WHAT YOU HAVE TO DO
Copy all the records exactly, but keep the pictures out of your version.

WORKING DATA

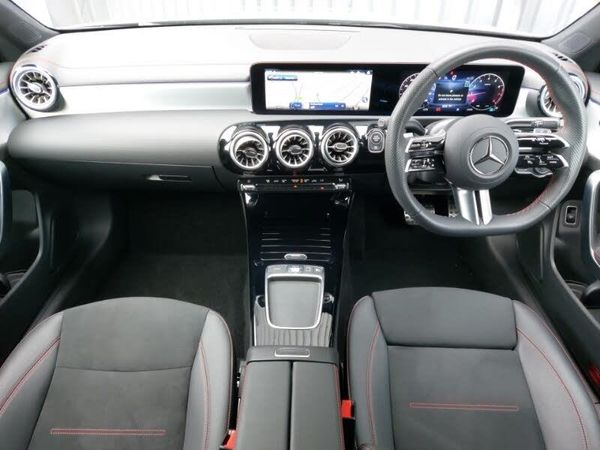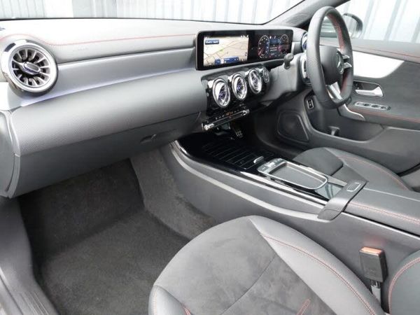 10.25 inch Instrument display with digital cockpit, Heated front seats, Apple CarPlay, 10.25 inch touchscreen central media display, Wireless charging in the front centre console, Interior lighting - 64 colour Ambient lighting, Android Auto, DYNAMIC SELECT with a choice of driving modes (ECO, Comfort, Sport and Individual), Car wash mode, Cruise control with limiter, ECO start/stop function, Hard-disk navigation, Hey Mercedes Voice activation, Mercedes me connect including emergency call system, accident recovery, breakdown and maintenance management, Comfort suspension with ride height lowering, MBUX multimedia system, Mercedes Benz sound system (100 W) with 6 speakers, DAB digital radio tuner, Heated glass rear windscreen + timer control, LED high performance headlamps with integrated LED daytime running lights and adaptive highbeam assist, Privacy glass with dark tinting on rear side windows and rear window, Electrically adjustable and heated door mirrors with integrated LED indicators, 4 way lumbar support, Air conditioning - One zone thermatic automatic climate control with automatically controlled air distribution, Artico man-made leather/Microcut microfibre upholstery, Two outer rear seat isofix and top tether child seat fixing points, Keyless go comfort pack - CLA, Parking pack with reversing camera - CLA, Adaptive brake assist with hold function and hill start assist, Crash responsive emergency lighting, Electric parking brake, Active brake assist includes forward collision warning system with autonomous braking, 18" AMG 5 twin spoke light alloy wheels painted in termolite grey with high sheen finish
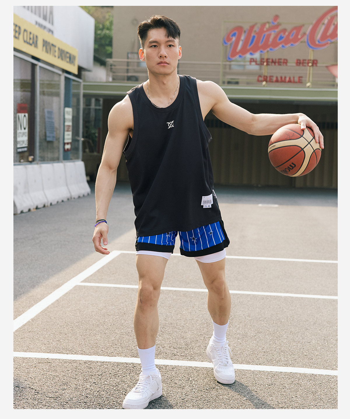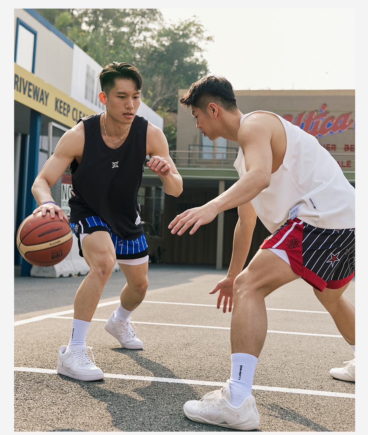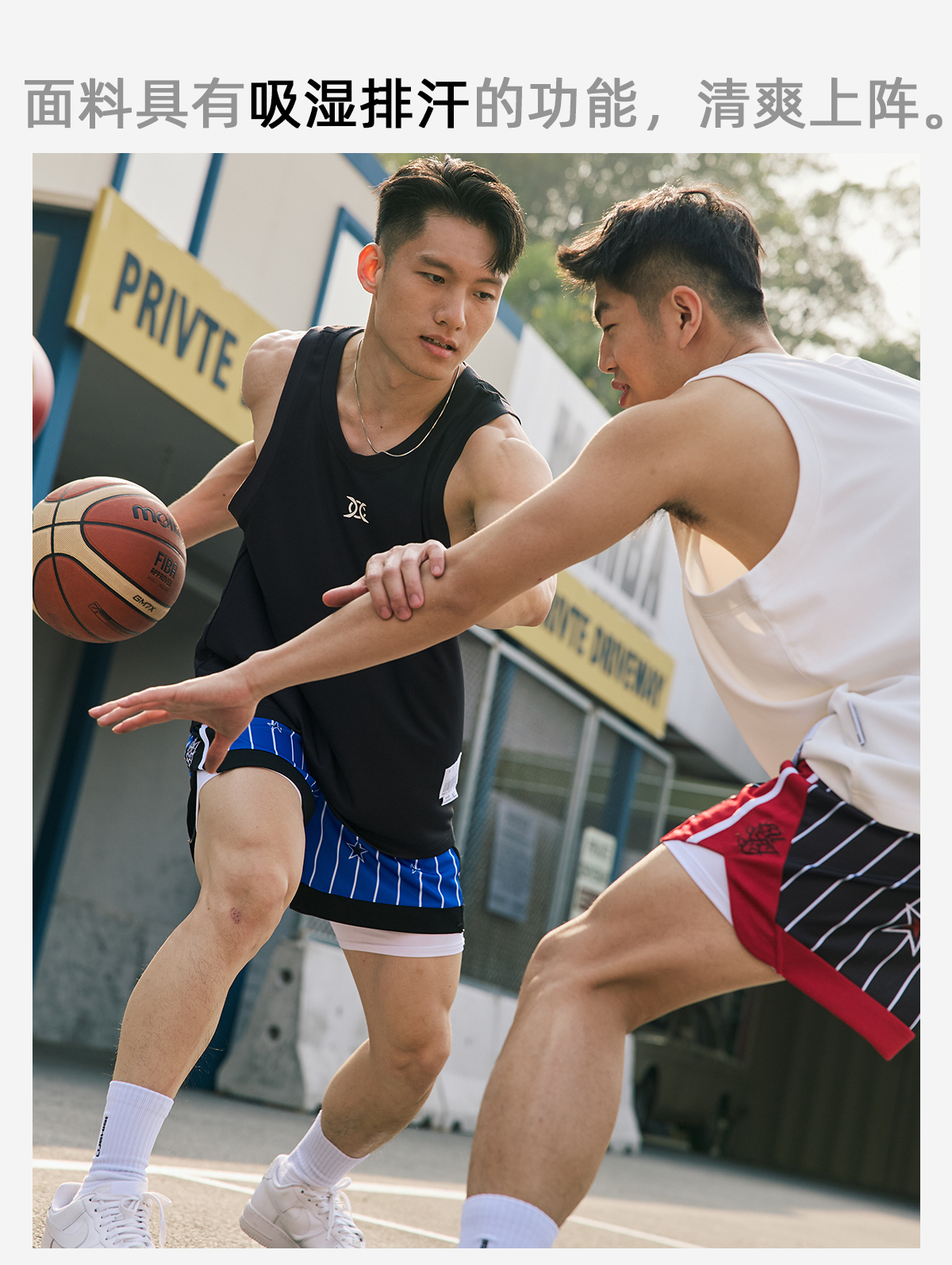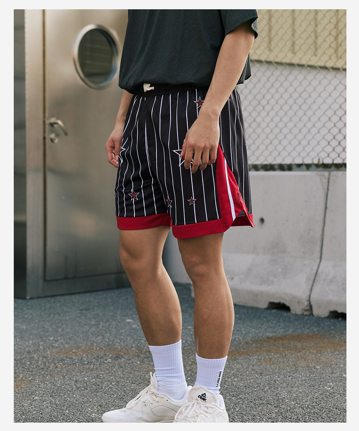 LUSHISI星蓝主题运动复古条纹篮球美式街头潮流训练跑步五分短裤
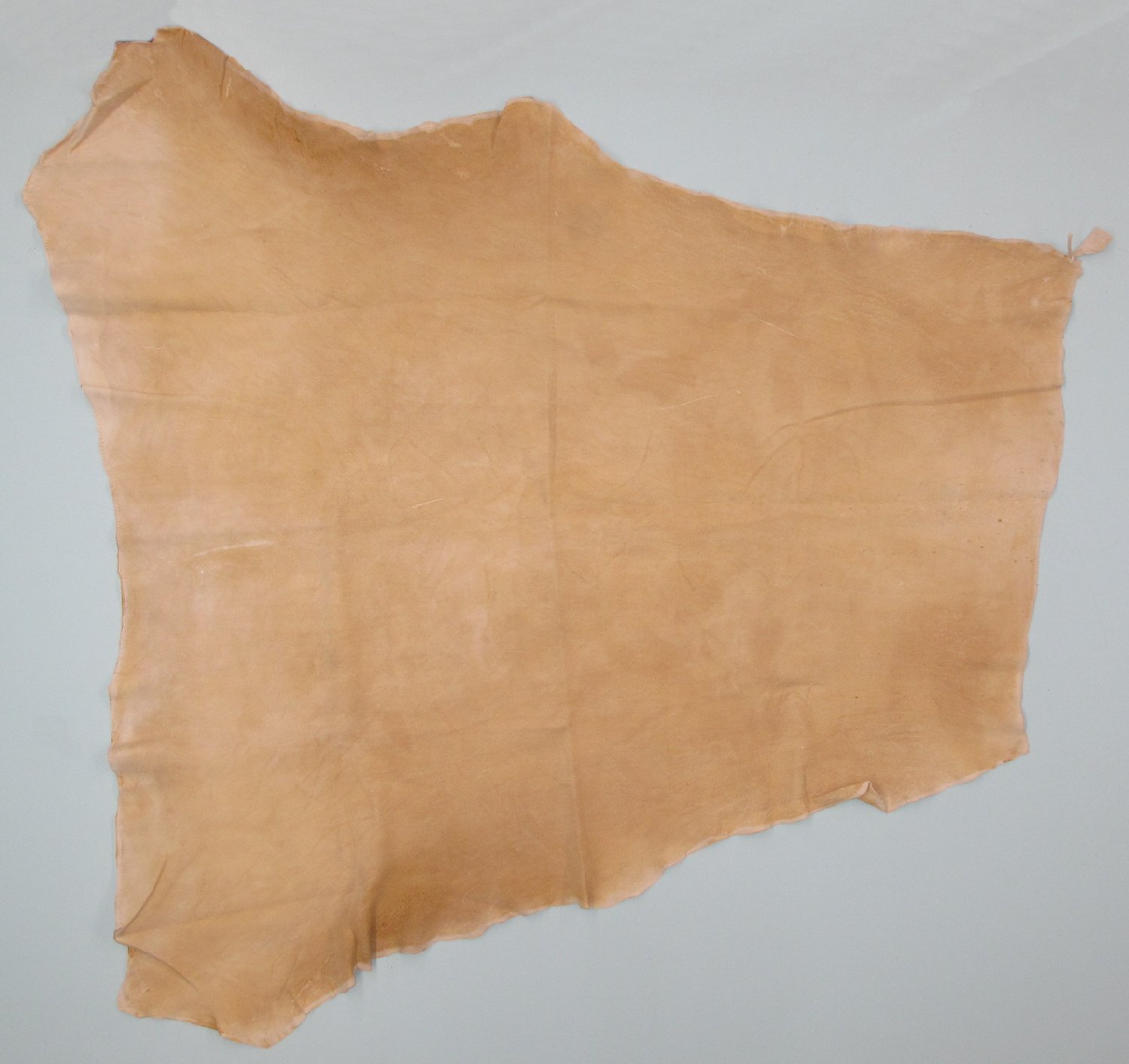 Lot # 780-0276Eastern white-tail deertanned by hand, smoked. Complete hide. Cut off at base of neck; 42" long, extra wide. 8.5 sq. ft. #1 except some spotting in anterior 8" of hide. Very few scars. Posterior ~7.25 sq. ft. of hide. #1 super select quality. Nice skin $545.00 /eaBkskn Room |
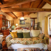 Le travi a vista, dal colore caldo e naturale, adornano il soffitto, aggiungendo un tocco rustico ed elegante all'interno.
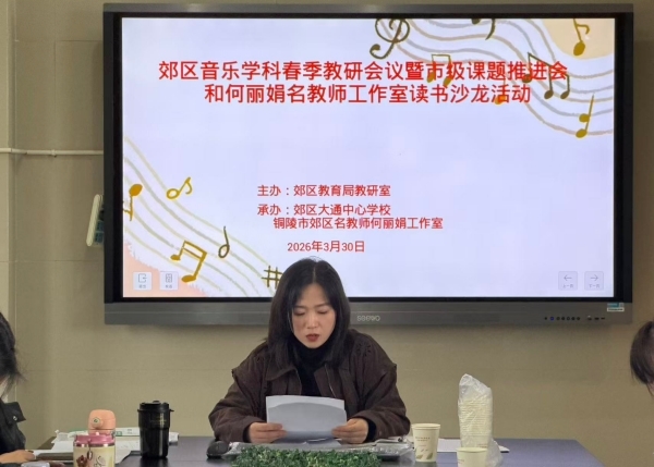 3月30日上午,铜陵市郊区音乐学科春季教研会议、市级课题推进会暨何丽娟名教师工作室读书沙龙活动在大通中心学校顺利举行。全区中小学音乐教师、名师工作室成员及课题组成员齐聚一堂,共促专业成长。
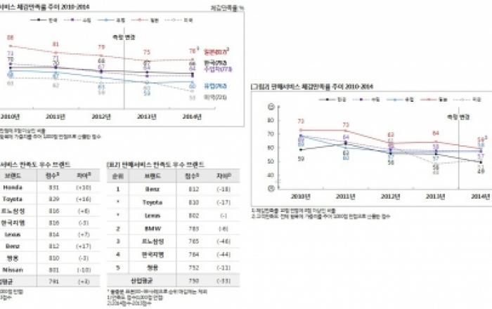 수입차는 전반적으로 국산차에 비해 경쟁력이 있다. 국산차가 상대적으로 선방하고 있는 것은 서비스 영역이다. 애프터서비스 부문은 근소한 차이로 앞서고, 판매서비스 부문에서는 뒤지고 있다. 수입차 중에서는 일본차가 두 부문 모두에서 발군의 성적을 낸 반면, 유럽차의 A/S

RESULT FOR THIS EXERCISE
 10.25 inch Instrument display with digital cockpit, Heated front seats, Apple CarPlay, 10.25 inch touchscreen central media display, Wireless charging in the front centre console, Interior lighting - 64 colour Ambient lighting, Android Auto, DYNAMIC SELECT with a choice of driving modes (ECO, Comfort, Sport and Individual), Car wash mode, Cruise control with limiter, ECO start/stop function, Hard-disk navigation, Hey Mercedes Voice activation, Mercedes me connect including emergency call system, accident recovery, breakdown and maintenance management, Comfort suspension with ride height lowering, MBUX multimedia system, Mercedes Benz sound system (100 W) with 6 speakers, DAB digital radio tuner, Heated glass rear windscreen + timer control, LED high performance headlamps with integrated LED daytime running lights and adaptive highbeam assist, Privacy glass with dark tinting on rear side windows and rear window, Electrically adjustable and heated door mirrors with integrated LED indicators, 4 way lumbar support, Air conditioning - One zone thermatic automatic climate control with automatically controlled air distribution, Artico man-made leather/Microcut microfibre upholstery, Two outer rear seat isofix and top tether child seat fixing points, Keyless go comfort pack - CLA, Parking pack with reversing camera - CLA, Adaptive brake assist with hold function and hill start assist, Crash responsive emergency lighting, Electric parking brake, Active brake assist includes forward collision warning system with autonomous braking, 18" AMG 5 twin spoke light alloy wheels painted in termolite grey with high sheen finish
 LUSHISI星蓝主题运动复古条纹篮球美式街头潮流训练跑步五分短裤
 Lot # 780-0276Eastern white-tail deertanned by hand, smoked. Complete hide. Cut off at base of neck; 42" long, extra wide. 8.5 sq. ft. #1 except some spotting in anterior 8" of hide. Very few scars. Posterior ~7.25 sq. ft. of hide. #1 super select quality. Nice skin $545.00 /eaBkskn Room |
 Le travi a vista, dal colore caldo e naturale, adornano il soffitto, aggiungendo un tocco rustico ed elegante all'interno.
 3月30日上午,铜陵市郊区音乐学科春季教研会议、市级课题推进会暨何丽娟名教师工作室读书沙龙活动在大通中心学校顺利举行。全区中小学音乐教师、名师工作室成员及课题组成员齐聚一堂,共促专业成长。
 수입차는 전반적으로 국산차에 비해 경쟁력이 있다. 국산차가 상대적으로 선방하고 있는 것은 서비스 영역이다. 애프터서비스 부문은 근소한 차이로 앞서고, 판매서비스 부문에서는 뒤지고 있다. 수입차 중에서는 일본차가 두 부문 모두에서 발군의 성적을 낸 반면, 유럽차의 A/S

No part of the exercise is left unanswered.